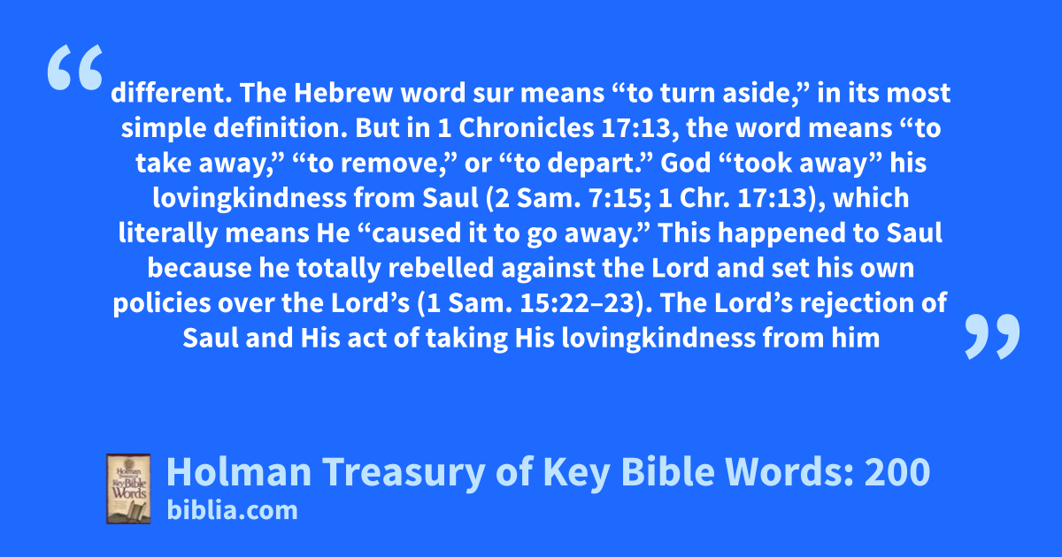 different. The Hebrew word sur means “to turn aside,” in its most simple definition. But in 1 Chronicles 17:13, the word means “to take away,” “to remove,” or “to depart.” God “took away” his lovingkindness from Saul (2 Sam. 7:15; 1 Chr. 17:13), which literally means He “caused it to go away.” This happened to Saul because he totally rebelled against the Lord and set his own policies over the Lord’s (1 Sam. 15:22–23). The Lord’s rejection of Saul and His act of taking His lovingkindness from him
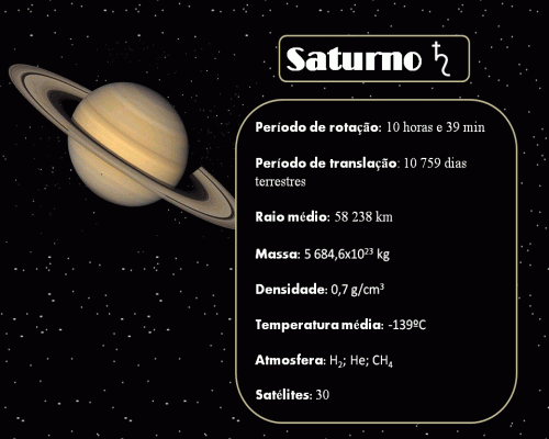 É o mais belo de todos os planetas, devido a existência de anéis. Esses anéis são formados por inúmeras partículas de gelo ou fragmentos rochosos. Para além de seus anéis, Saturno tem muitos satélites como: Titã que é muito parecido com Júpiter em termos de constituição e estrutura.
--
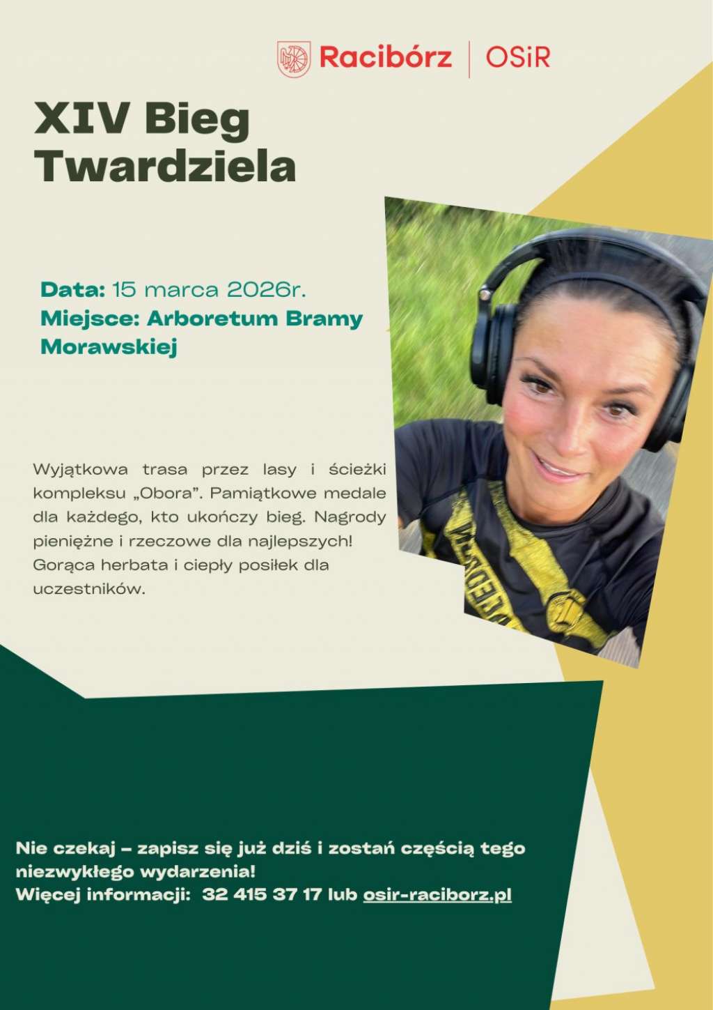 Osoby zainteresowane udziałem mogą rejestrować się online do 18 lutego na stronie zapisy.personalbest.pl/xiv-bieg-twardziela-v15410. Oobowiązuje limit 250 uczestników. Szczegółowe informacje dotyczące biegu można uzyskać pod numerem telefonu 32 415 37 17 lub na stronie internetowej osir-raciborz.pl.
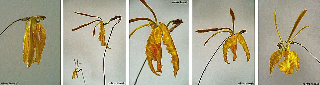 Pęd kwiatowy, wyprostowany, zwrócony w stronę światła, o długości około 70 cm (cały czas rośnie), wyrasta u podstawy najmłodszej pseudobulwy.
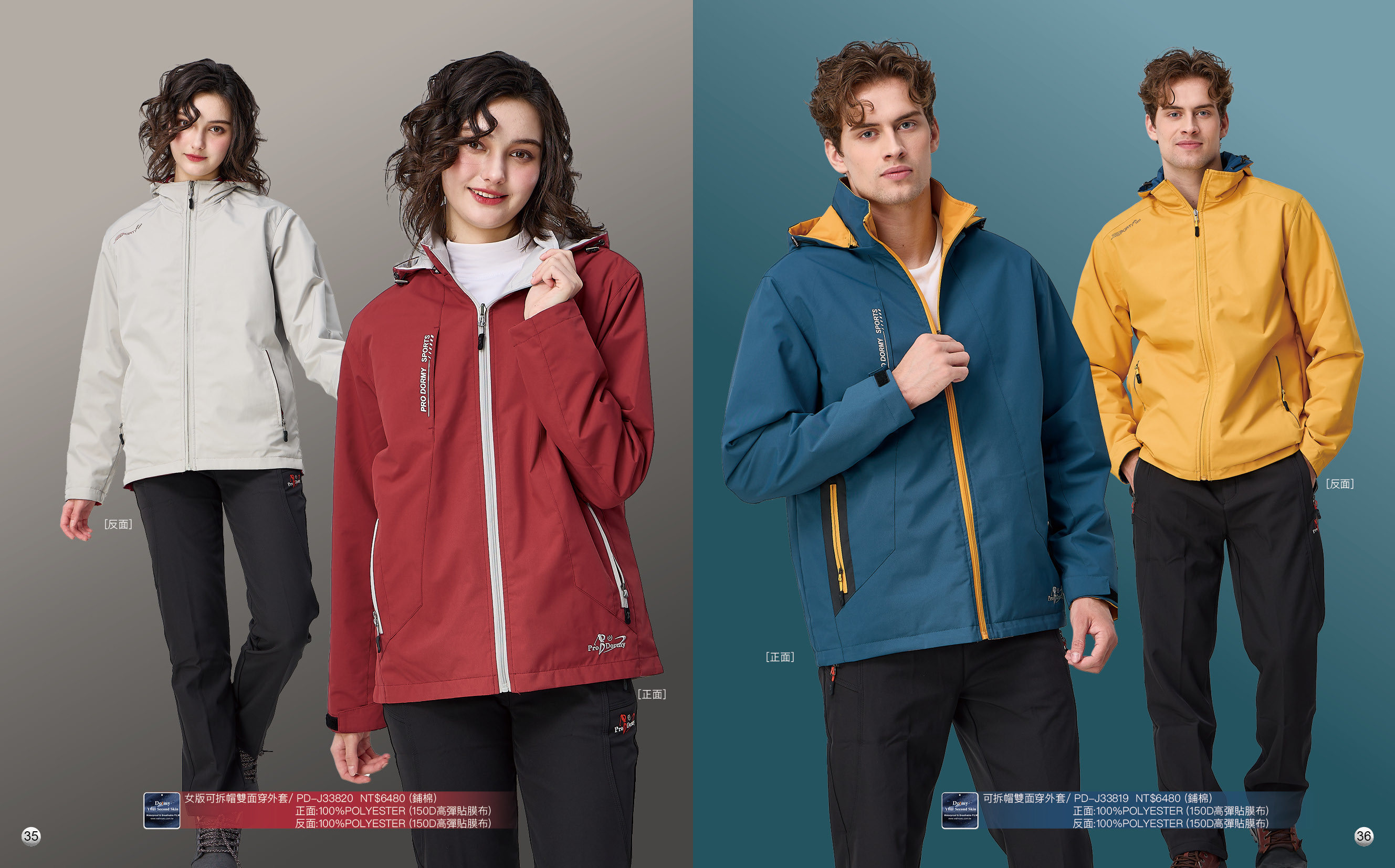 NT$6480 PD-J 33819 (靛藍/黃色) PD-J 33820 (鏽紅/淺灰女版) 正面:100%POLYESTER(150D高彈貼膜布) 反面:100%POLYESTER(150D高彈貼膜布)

*About this exercise:*
Taking the records above, print only and exactly the lines from the line with "Osoby zainteresowane udziałem" to the line with "NT$6480 PD-J 33819", both kept, and exclude pictures.

*Result:*
 Osoby zainteresowane udziałem mogą rejestrować się online do 18 lutego na stronie zapisy.personalbest.pl/xiv-bieg-twardziela-v15410. Oobowiązuje limit 250 uczestników. Szczegółowe informacje dotyczące biegu można uzyskać pod numerem telefonu 32 415 37 17 lub na stronie internetowej osir-raciborz.pl.
 Pęd kwiatowy, wyprostowany, zwrócony w stronę światła, o długości około 70 cm (cały czas rośnie), wyrasta u podstawy najmłodszej pseudobulwy.
 NT$6480 PD-J 33819 (靛藍/黃色) PD-J 33820 (鏽紅/淺灰女版) 正面:100%POLYESTER(150D高彈貼膜布) 反面:100%POLYESTER(150D高彈貼膜布)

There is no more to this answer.